A year after Robert Reynolds
took the reins at Putnam Investments
, the Wall Street Journal look at what it termed a "comeback" at the fund firm over the past year. Since taking the helm as Putnam’s CEO last year, Reynolds has instituted a number of changes: he switched from a multi-manager to a one-manager system, recruited managers from rival fund firms and largely abandoned quantitative strategies in favor of stock-picking based on fundamentals.The aggressive changes appear to have paid out over the past year as Putnam's fund performance gains traction against its peers.

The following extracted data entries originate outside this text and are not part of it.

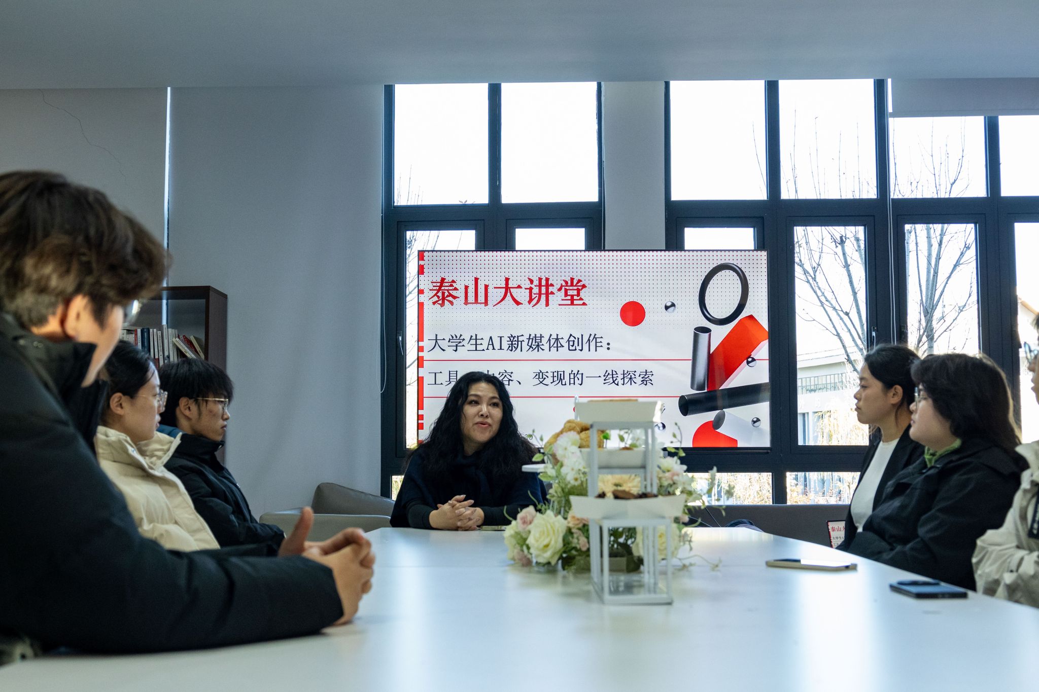 为帮助学生把握AI时代创作机遇,提升新媒体内容生产能力,11月18日,讲座开始前邹老师进行参观校园,随后一场以《让AI成为你的合作者:开启新媒体创作的无限可能》为主题讲座于泰山大讲堂开展。当天下午,邹老师还与同学们以“大学生AI新媒体创作:工具、内容、变现的一线探索”为题举办师生座谈会。通过这两场活动,助力学子创作者从“工具使用者”向“创意主导者”转型。
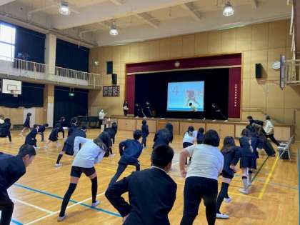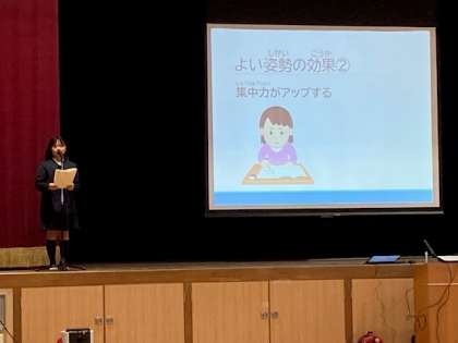 今週は児童集会の時間に学校保健委員会を実施しました。保健委員会の児童が「姿勢」について調べたことや、姿勢の良しあしが身体に及ぼす効果について発表しました。そのあと全員でストレッチをしました。
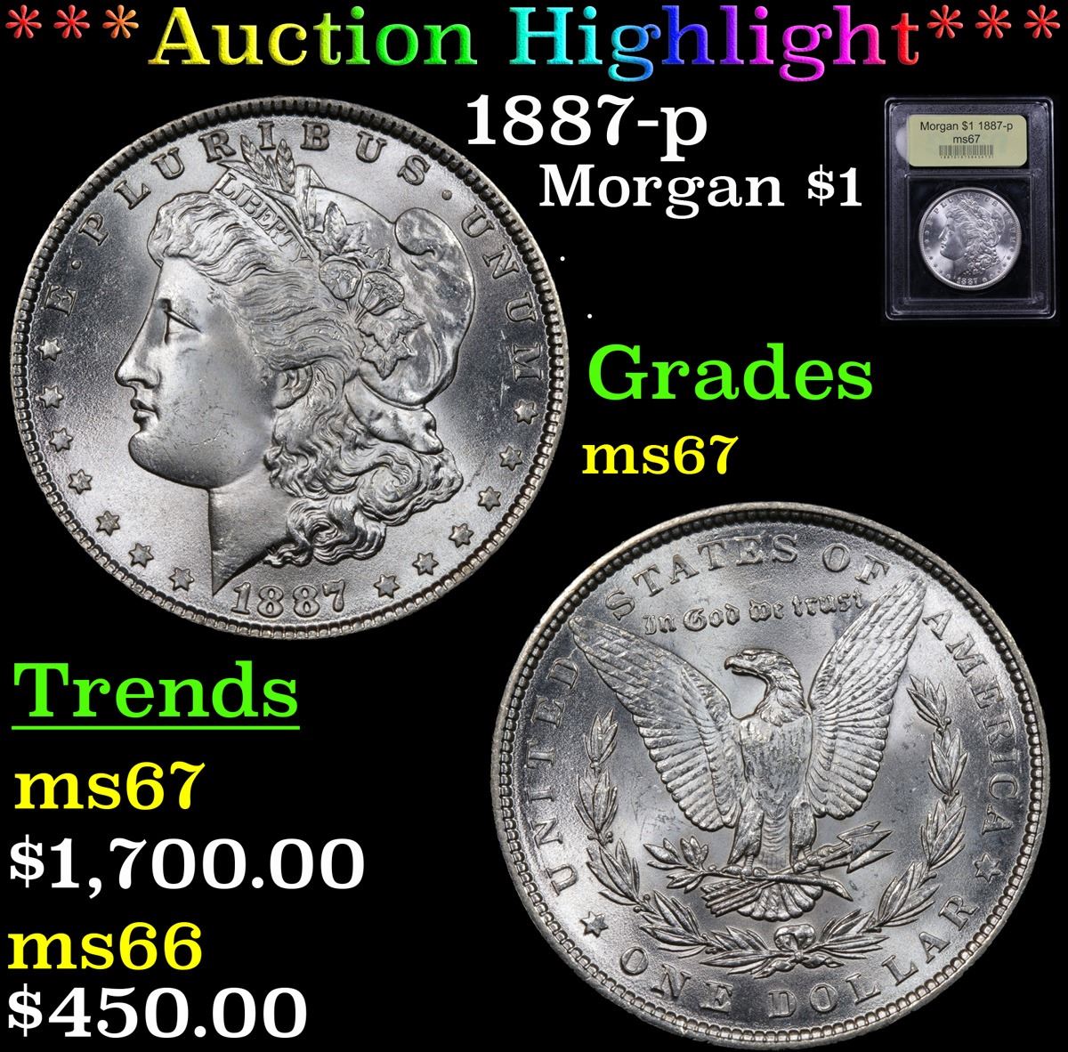 ***Auction Highlight*** 1887-p Morgan Dollar $1 Graded GEM++ Unc By USCG. A Corey's Pick, Bid to Win, Don't let it get Away Coin
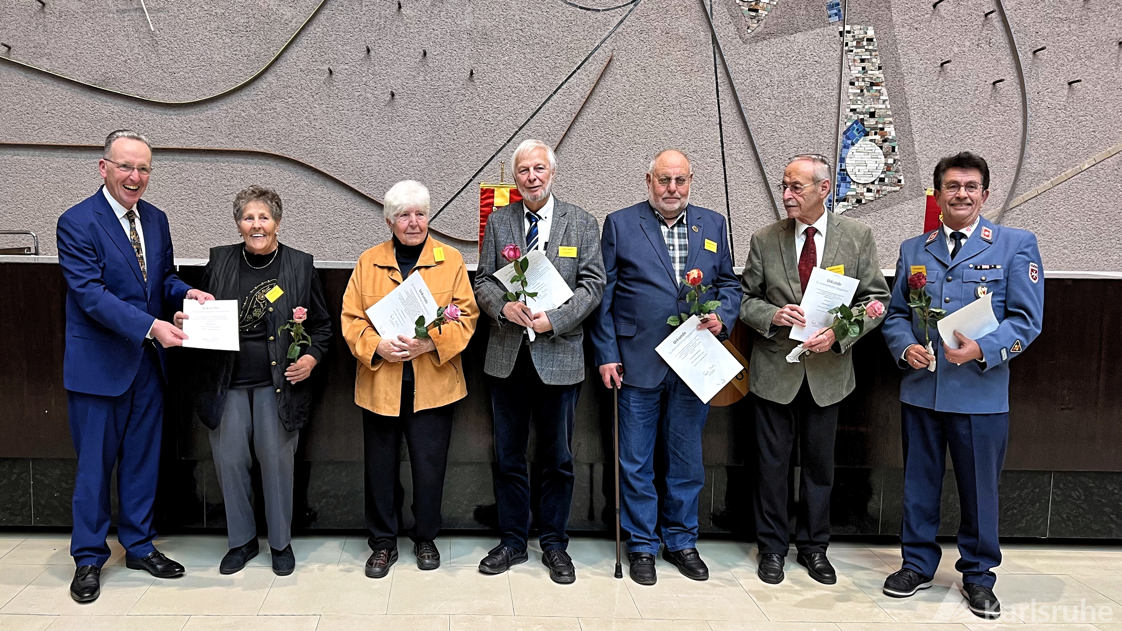 Anlässlich des jährlichen Internationalen Tag des Ehrenamts, 6. Dezember, ehrte Bürgermeister Dr. Albert Käuflein am 7. Dezember 2023 herausragend Engagierte. Gemeinsam haben sie 1445 Jahre freiwilligen und ehrenamtlichen Aktivitäten gewidmet – durchschnittlich beachtliche 21 Jahre.
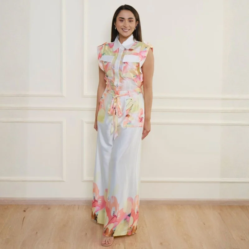 Hermoso enterizo de satín marfil con estampados tropicales. cuello camisero y cuenta con un cinturón para un mejor ajuste en la cintura. composición: .
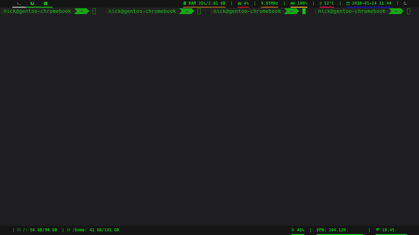 It’s also important to remember that tiling window managers are better on Linux than OSX and Windows, and OSX is much better than Windows. It has everything to do with their Unix lineage. If you decide to use a tiling window manager, expect most support and additional applications to focus on Linux.
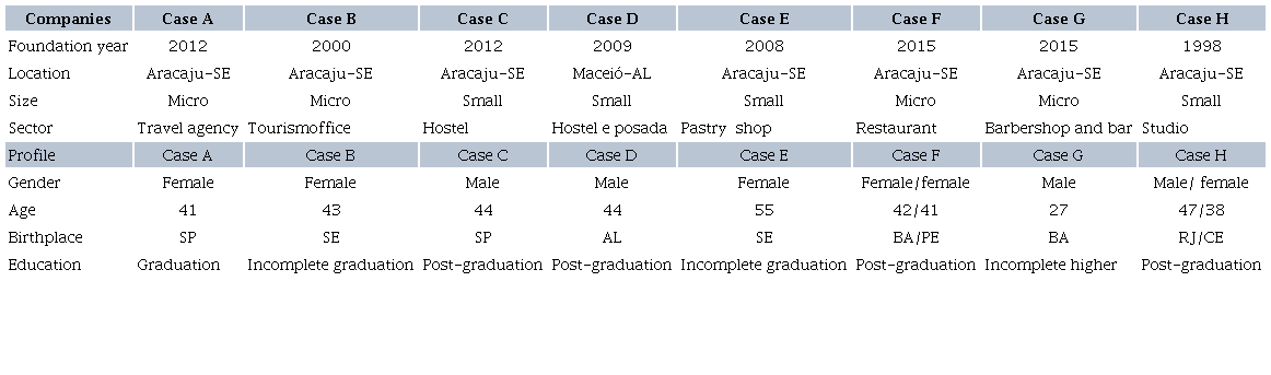 The research strategy adopted was a multiple case study (Yin, 2015) through empirical investigation in eight micro and small services enterprises. According to Eisenhardt (1989), choosing the cases randomly is not preferable; therefore, the cases were selected according to three criteria: 1. that the companies were micro or small companies due to the importance they have for the economic development of Brazil; 2. that they were from the service sector, due to the economic representativeness and jobs creation; and 3. that the entrepreneurs of these companies had implemented or were implementing innovation actions. Considering the selection criteria, Table 1 presents companies’ characteristics and entrepreneurs’ profiles.

Morningstar numbers show that as of June 24, Putnam was beating 53 percent of its category peers on average one-year returns. Last year, Putnam was only able to outshine 21 percent of rival funds. Putnam's large-cap offerings in particular seem to have carried out a successful turnaround, with large-cap offerings outperforming 78 percent of their peers, as opposed to 20 percent a year ago. Perhaps most notably, the beleaguered Putnam Voyager Fund has jumped to the top 1 percent of large-company funds in one-year performance, while last year its dismal performance landed it near the bottom of the list.
Under Reynolds' guidance, Putnam has seen some notable additions over the past several months. Putnam has recently launched several funds, including the Putnam Capital Spectrum Fund
and Equity Spectrum Fund
. And Reynolds has been recruiting Fidelity alums over to Putnam, such as Jeff Carney
, Walter Donovan
and Nick Thakore
Thakore cautioned against reading too much into Putnam’s most recent successes, but did note that the tides of investor opinion regarding Putnam seem to have turned.
"No one should get too carried away with a few months of performance,” Thakore said. “There's a buzz in the investment community about Putnam now, where just a year ago it was so negative."